SOC 404. Special Topics in Sociology 4 hours
A seminar providing examination and discussion of various topics on contemporary and historical interest in sociology. Prerequisite: Permission of the instructor.
 
SOC 405. Internship in Sociology 1-4 hours
An internship is designed to provide a formalized experiential learning opportunity to qualified students. The internship generally requires the student to obtain a faculty supervisor in the relevant field of study, submit a learning agreement, work 30 hours for every hour of academic credit, keep a written journal of the work experience, have regularly scheduled meetings with the faculty supervisor, and write a research paper dealing with some aspect of the internship. Written work should total five pages of academic writing for every hour of credit.
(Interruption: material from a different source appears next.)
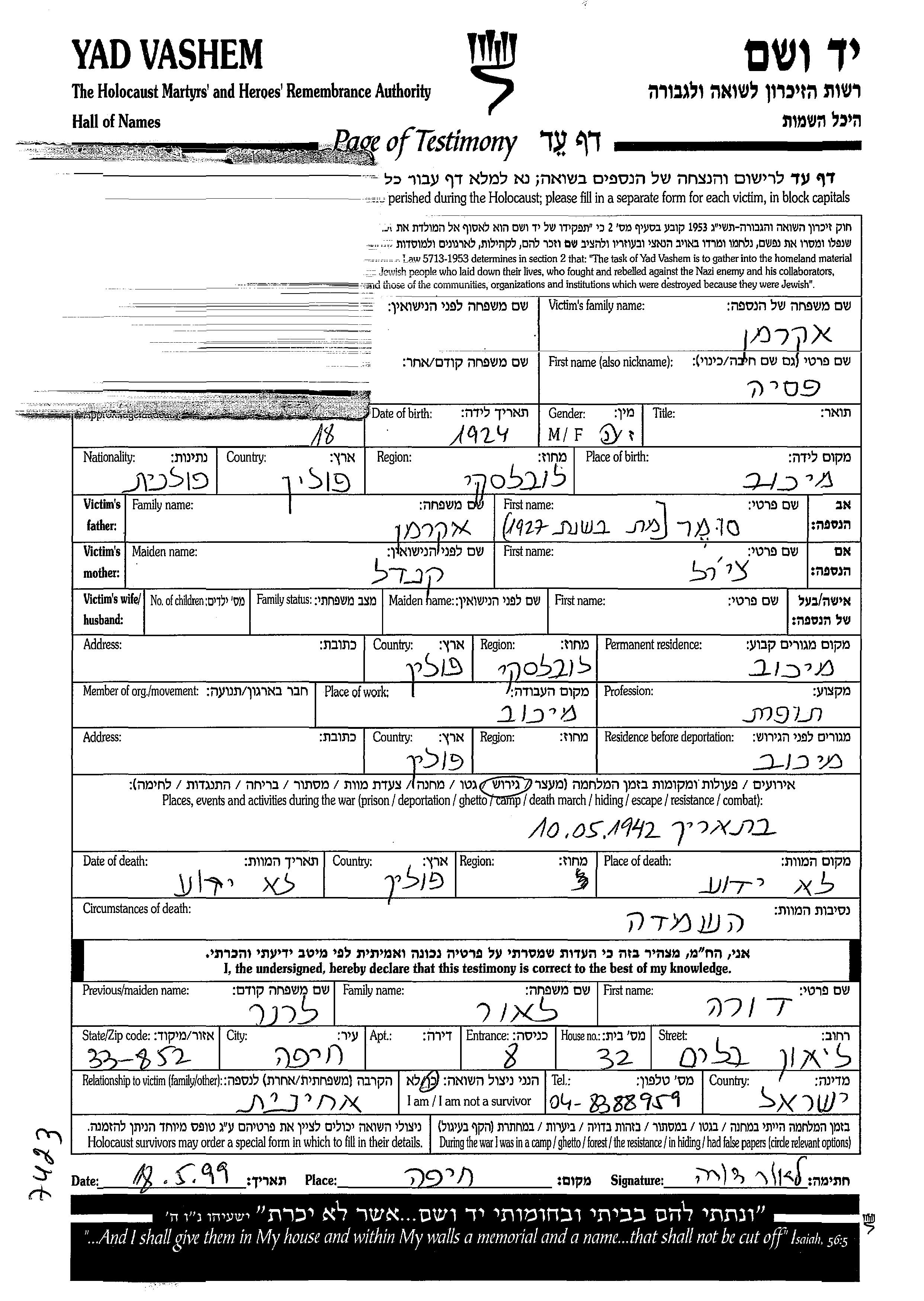 Pesia Akerman wurde im Jahr 1924 in Michow, Polen geboren. Sie war Schneiderin. Vor dem Zweiten Weltkrieg lebte sie in Michow, Polen.

An extensive list of internships is maintained by the Career Services Office, including opportunities at the Gainesville/Hall Senior Center, the Georgia Bureau of Investigation, and the Partnership Against Domestic Violence. Graded on a satisfactory/unsatisfactory basis. Prerequisites: Permission of the faculty supervisor and qualification for the internship program.
 
SOC 406. Independent Study in Sociology 1-4 hours
An intense study of diverse topics under the direct supervision of the instructor. Prerequisite: Submission of a proposed outline of study that includes a schedule of meetings and assignments approved by the instructor, the division chair, and the Provost and Senior Vice President prior to registration.
 
SOC 407. Internship in American Studies 1-4 hours
An internship is designed to provide a formalized experiential learning opportunity to qualified students. The internship generally requires the student to obtain a faculty supervisor in the relevant field of study, submit a learning agreement, work 30 hours for every hour of academic credit, keep a written journal of the work experience, have regularly scheduled meetings with the faculty supervisor, and write a research paper dealing with some aspect of the internship. Written work should total five pages of academic writing for every hour of credit. An extensive list of internships is maintained by the Career Services Office. Graded on a satisfactory/unsatisfactory basis. Prerequisites: Permission of the faculty supervisor and qualification for the internship program.